Pivot tables are one of the most powerful features in Excel and the most flexible and useful way in which you can manipulate data. Unlike tables built using lookups, sumifs and countifs, pivot tables are dynamic. This means that you can quickly change the way you see your data without having to alter or rebuild the table. This makes pivots a very powerful tool when it comes to quickly analysing large datasets and drilling down into the data.
Pivot tables need to be inserted into an empty space on your spreadsheet by selecting a cell in your data table and going to the insert tab. Once you’ve done this you will see the Pivot Table Field List (see image 1) on the right of the screen, which will list all the fields in your dataset. To create a pivot table you then need to drag individual fields to any of the four boxes, which I’ll go through in turn.
The values box is essential as it is this that determines what field your pivot table will summing or counting. In our example we have used the value field from our table and decided to sum. Most of the time you will want this field to denote numeric data but on some occasions you might want to count instances of a particular occurrence in your dataset, in which case simply use the drop down arrow, select Value Field Setting and Count (other options are available).
PIVOT TABLES: image 1
Row and Column Labels
This is where the fun starts! The row and column label boxes allow you to quickly manipulate the data from your original dataset by dragging and dropping fields here.
In image 2 for example, we have ordered the rows of our data by month. Because we have the value field already placed in the values box, Excel just sums each month for us. If, however we wanted a more detailed table we can simply add the product field to the column labels box (image 3) to see each month broken down by product. We could then decide to flip this so that our product field is the row label and our table columns are split into months (image 4) or just have both fields as row labels (image 5).
With a large dataset with many fields, there are literally endless ways in which you can arrange your data.
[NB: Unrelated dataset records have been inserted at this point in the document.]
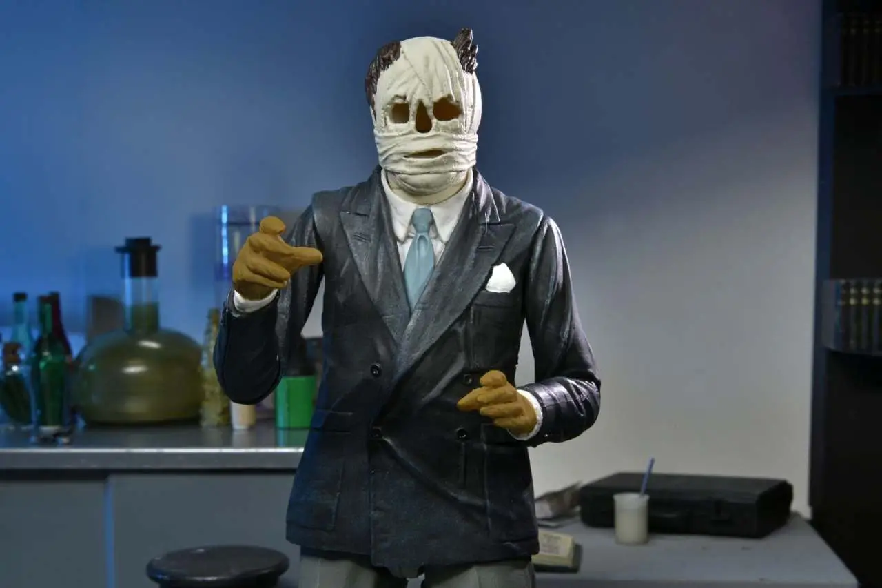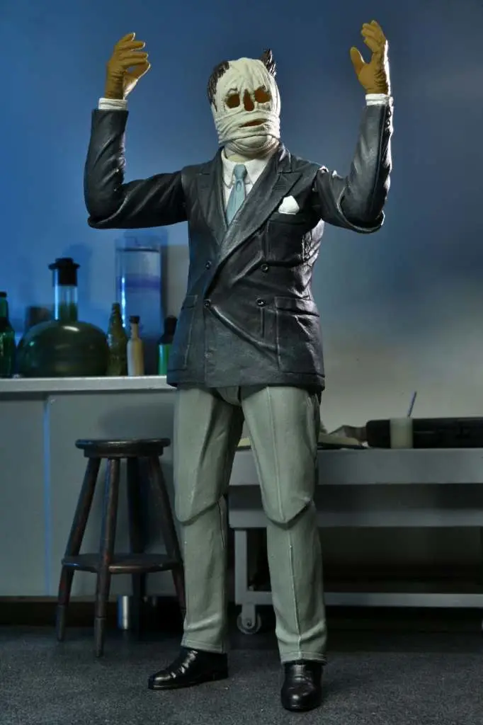 For the 90th anniversary of Universal's sci-fi horror film classic, NECA is excited to reveal The Invisible Man in Ultimate action figure form! Starring Claude Rains, 1933's The Invisible Man was based on the classic H.G. Wells novel and received critical acclaim, eventually being placed on the U.S. National Film Registry for its historical significance. The interchangeable heads capture the seemingly solid wrapped version as well as partially uncovered versions with peeks at the insane emptiness within. Also included are interchangeable wrapped and gloved hands, goggles, nose, notebook, wig, and cup with straw. The figure stands in 7” scale and comes in display-friendly window box packaging with opening front flap.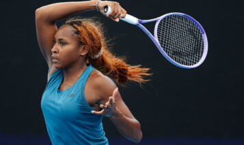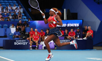 PERTH, AUSTRALIA – JANUARY 07: Coco Gauff of Team USA plays a forehand in the mixed doubles Quarter Finals match against Maria Sakkari and Stefanos Tsitsipas of Team Greece during Day 6 of the United Cup at RAC Arena on January 07, 2026 in Perth, Australia. (Photo by Paul Kane/Getty Images)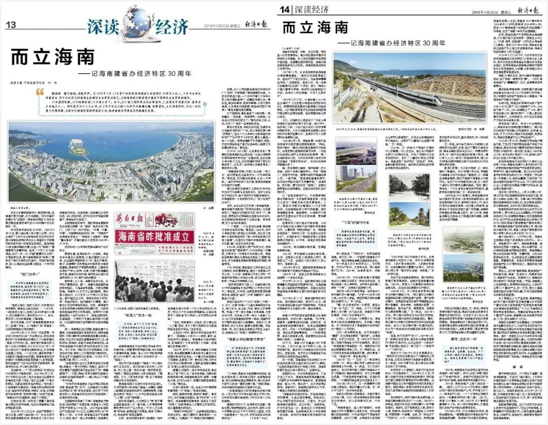 今日《經濟日報》推出深讀經濟系列報道《而立海南》。

Report filters allow you to drill down into specific field values by creating a drop down filter in which you can select individual or multiple values. In our example we have taken the pivot table seen in image 2 and used the report filter to restrict it to only show values for product 1 (image 6). You aren’t restricted to one report filter either and can add as many as you want. With large datasets, report filters are very useful for quickly drilling down into individual value sets within a given field without having to change the pivot table layout itself.
PIVOT TABLES: image 2
PIVOT TABLES: image 3
PIVOT TABLES: image 4
PIVOT TABLES: image 5
PIVOT TABLES: image 6
Power user tip:
Pivot tables are incredibly useful for turning a huge impenetrable block of data into a summarised and readable format. Because they are dynamic it’s sometimes worth experimenting with the field boxes until you get the layout you want.
Of course pivot tables aren’t always the answer and sometimes it might be more practical to use sumifs to summarise your data. If your dataset is fairly manageable you might only need to use filters and apply a bit of conditional formatting. Whatever Excel tools you use to present and analyse your data, we hope this guide has provided you with a good starting point.